Recent programmes and projects
CLM product analysis
Contract management tech review
Legal Technology roadmap
Legal Technology strategy
I joined the 3Kites team in 2018 after a career break to spend more time with family (before children flew the nest) and having decided it was time to do something a bit different with my career. Having started my working life in the early nineties in the competition & anti-trust team at Freshfields I ‘switched sides’ to go in-house in 1996 in a quest for more breadth to my legal career. I joined the in-house team at Cable & Wireless plc and spent almost ten years there working as an in-house lawyer at group companies in the UK and Australia on a broad multi-disciplinary basis. In 2005 I left to join easyJet plc where I spent the next ten years on the executive board as General Counsel, Company Secretary and Director of Regulation.
Since 2015 I have set up a small airline consultancy (the aviation bug’s hard to remove from the system) and I have also spent significant time advising the Board of a listed company on governance matters.
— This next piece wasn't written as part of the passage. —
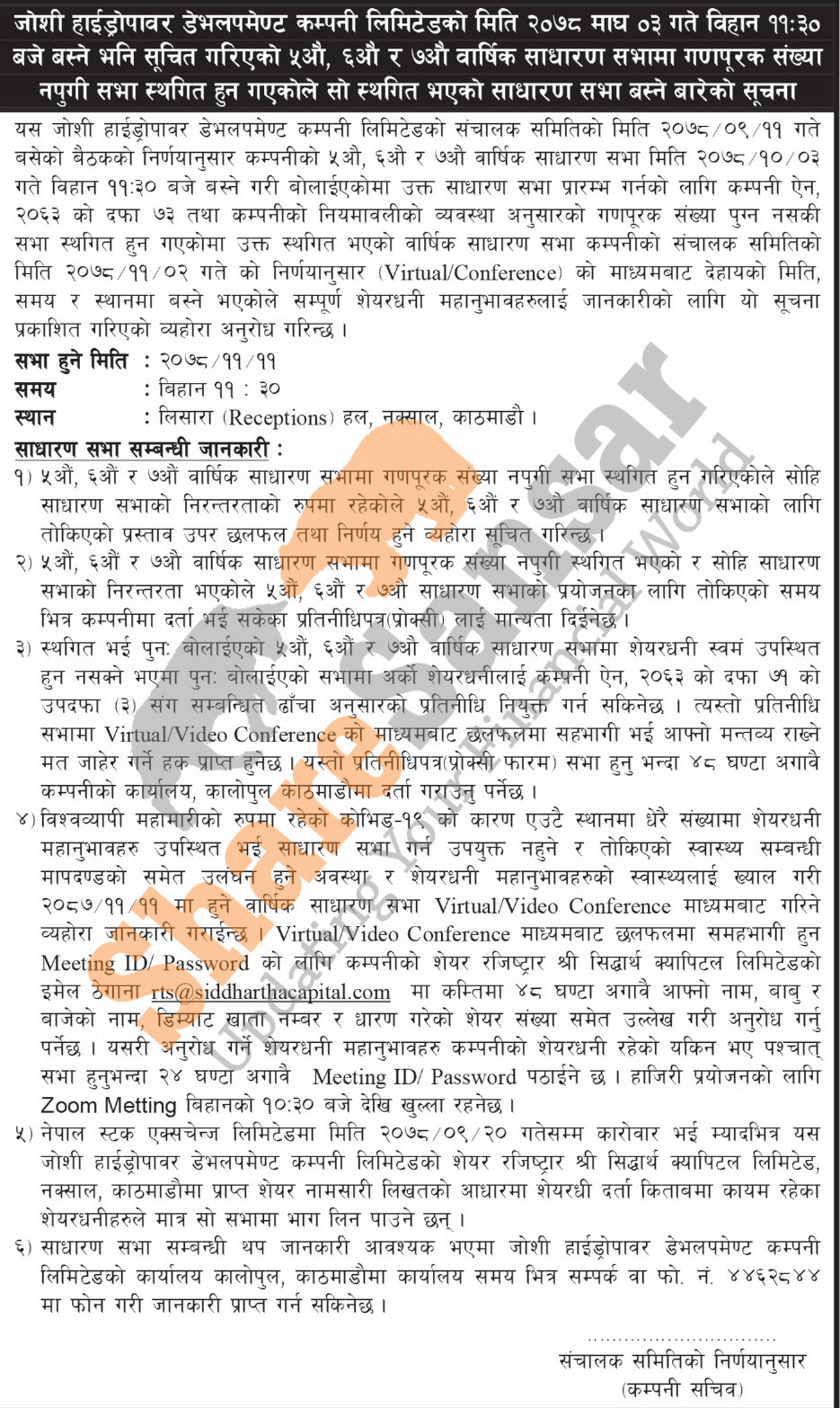Joshi Hydropower Development Company Limited has re-announced its 5th, 6th and 7th AGM going to be held on 11th Falgun, 2078.

Having juggled the responsibilities of optimising a legal function (marrying in house resource cohesively with external counsel resources) while contributing to executive team management duties and being the Chairman and CEO’s ‘trusted adviser’, I am very aware of the challenges facing today’s GCs and their teams. I’m also aware that as technology develops increasingly rapidly, it’s easy for busy lawyers to overlook the potential efficiency and cost benefits it can bring to in-house teams.
It’s not just about investing in bespoke SaaS offerings for lawyers – often in-house teams don’t use basic tools already available to them within their corporate systems infrastructure that could meet their document, contract or knowledge management needs. This principle applies as much to the shared use of tech solutions between in-house teams and their external counsel as it does to in-house teams alone. How often does the ‘legal panel review’ process result in technology-related ‘value adds’ offered by law firms (or any value-adds for that matter) which neither in-house client nor law firm then follow through to adopt?
With the in-house legal function’s needs not usually top of the CIO’s ‘to do’ list, I feel there is much that can be achieved by marrying 3Kites’ expertise with the needs of GCs and their in-house teams.